All safety and tolerability variables will need attention during evaluation, and the broad approach should be indicated in the protocol. All adverse events should be reported, whether or not they are considered to be related to treatment. All available data in the study population should be accounted for in the evaluation. Definitions of measurement units and reference ranges of laboratory variables should be made with care; if different units or different reference ranges appear in the same trial (e.g. if more than one laboratory is involved), then measurements should be appropriately standardised to allow a unified evaluation. Use of a toxicity grading scale should be prespecified and justified.
The incidence of a certain adverse event is usually expressed in the form of a proportion relating number of subjects experiencing events to number of subjects at risk. However, it is not always self-evident how to assess incidence. For example, depending on the situation the number of exposed subjects or the extent of exposure (in person-years) could be considered for the denominator. Whether the purpose of the calculation is to estimate a risk or to make a comparison between treatment groups it is important that the definition is given in the protocol. This is especially important if long-term treatment is planned and a substantial proportion of treatment withdrawals or deaths are expected. For such situations survival analysis methods should be considered and cumulative adverse event rates calculated in order to avoid the risk of underestimation.
In situations when there is a substantial background noise of signs and symptoms (e.g. in psychiatric trials) one should consider ways of accounting for this in the estimation of risk for different adverse events. One such method is to make use of the 'treatment emergent' (see Glossary) concept in which adverse events are recorded only if they emerge or worsen relative to pretreatment baseline.

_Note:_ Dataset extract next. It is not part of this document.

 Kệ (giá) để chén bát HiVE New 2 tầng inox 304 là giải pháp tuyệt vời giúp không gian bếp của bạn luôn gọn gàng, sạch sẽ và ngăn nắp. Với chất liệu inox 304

Other methods to reduce the effect of the background noise may also be appropriate such as ignoring adverse events of mild severity or requiring that an event should have been observed at repeated visits to qualify for inclusion in the numerator. Such methods should be explained and justified in the protocol.
6.4 Statistical Evaluation
The investigation of safety and tolerability is a multidimensional problem. Although some specific adverse effects can usually be anticipated and specifically monitored for any drug, the range of possible adverse effects is very large, and new and unforeseeable effects are always possible. Further, an adverse event experienced after a protocol violation, such as use of an excluded medication, may introduce a bias. This background underlies the statistical difficulties associated with the analytical evaluation of safety and tolerability of drugs, and means that conclusive information from confirmatory clinical trials is the exception rather than the rule.

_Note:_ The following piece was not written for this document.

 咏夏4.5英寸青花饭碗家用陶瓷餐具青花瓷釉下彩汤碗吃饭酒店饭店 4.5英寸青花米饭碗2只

In most trials the safety and tolerability implications are best addressed by applying descriptive statistical methods to the data, supplemented by calculation of confidence intervals wherever this aids interpretation. It is also valuable to make use of graphical presentations in which patterns of adverse events are displayed both within treatment groups and within subjects.

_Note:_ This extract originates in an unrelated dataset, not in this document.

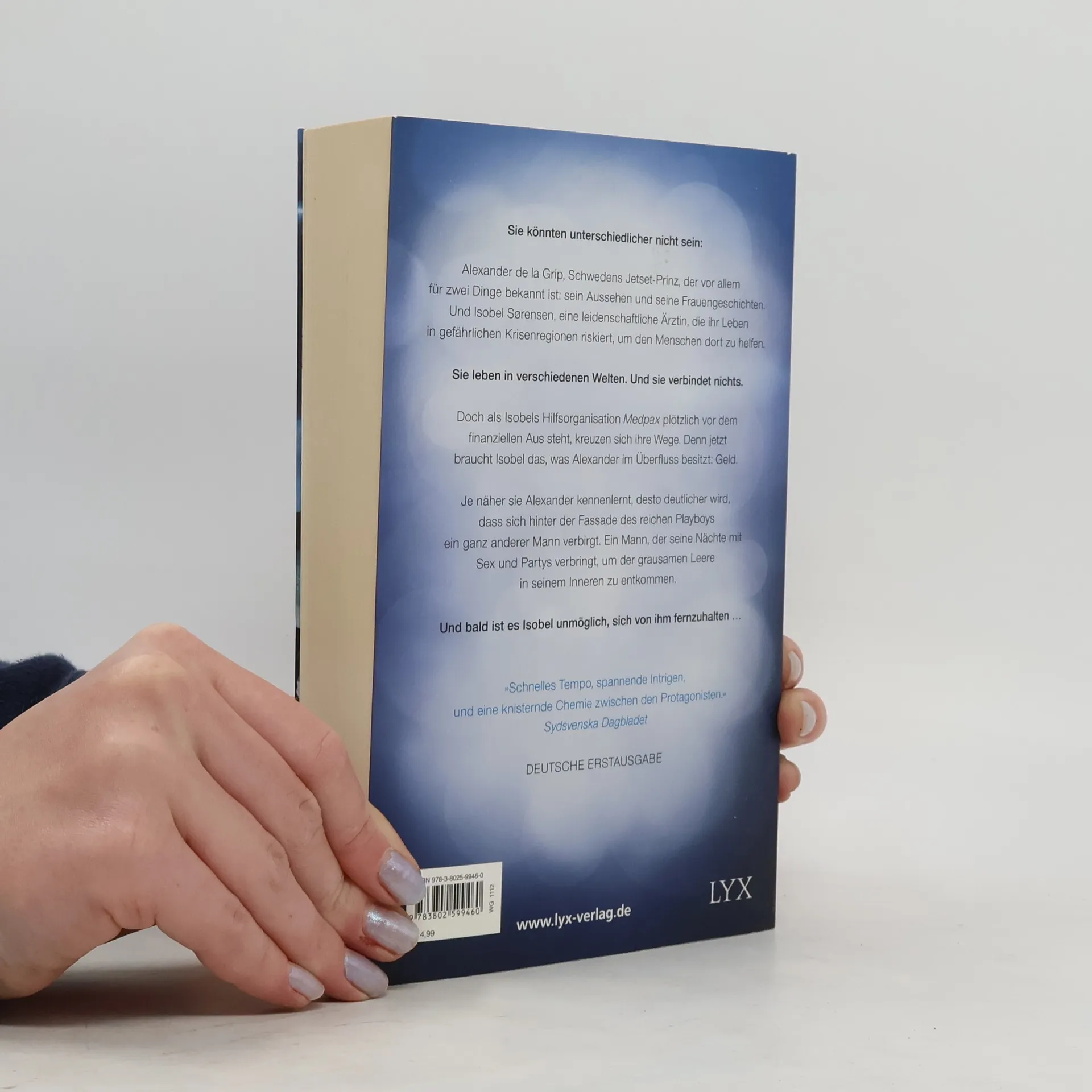 Sie könnten unterschiedlicher nicht sein: Alexander de la Grip, Schwedens Jetset-Prinz, der vor allem für zwei Dinge bekannt ist: sein Aussehen und seine Frauengeschichten. Und Isobel Sørensen, eine leidenschaftliche Ärztin, die ihr Leben in Krisenregionen riskiert, um Menschen zu helfen. Sie leben in verschiedenen Welten. Und sie verbindet nichts. Doch als Isobels Hilfsorganisation Medpax plötzlich vor dem finanziellen Aus steht, kreuzen sich ihre Wege. Denn jetzt braucht Isobel das, was Alexander im Überfluss besitzt: Geld. Je näher sie Alexander kennenlernt, desto deutlicher wird, dass sich hinter der Fassade des reichen Playboys ein ganz anderer Mann verbirgt. Ein Mann, der seine Nächte mit Sex und Partys verbringt, um der grausamen Leere in seinem Inneren zu entkommen. Und bald ist es Isobel unmöglich, sich von ihm fernzuhalten ... „Schnelles Tempo, spannende Intrigen, und eine knisternde Chemie zischen den Protagonisten.“ SYDSVENSKA DAGBLADET Band 2 der schwedischen Bestseller-Trilogie

The calculation of p-values is sometimes useful either as an aid to evaluating a specific difference of interest, or as a 'flagging' device applied to a large number of safety and tolerability variables to highlight differences worth further attention. This is particularly useful for laboratory data, which otherwise can be difficult to summarise appropriately. It is recommended that laboratory data be subjected to both a quantitative analysis, e.g. evaluation of treatment means, and a qualitative analysis where counting of numbers above or below certain thresholds are calculated.
If hypothesis tests are used, statistical adjustments for multiplicity to quantify the type I error are appropriate, but the type II error is usually of more concern. Care should be taken when interpreting putative statistically significant findings when there is no multiplicity adjustment.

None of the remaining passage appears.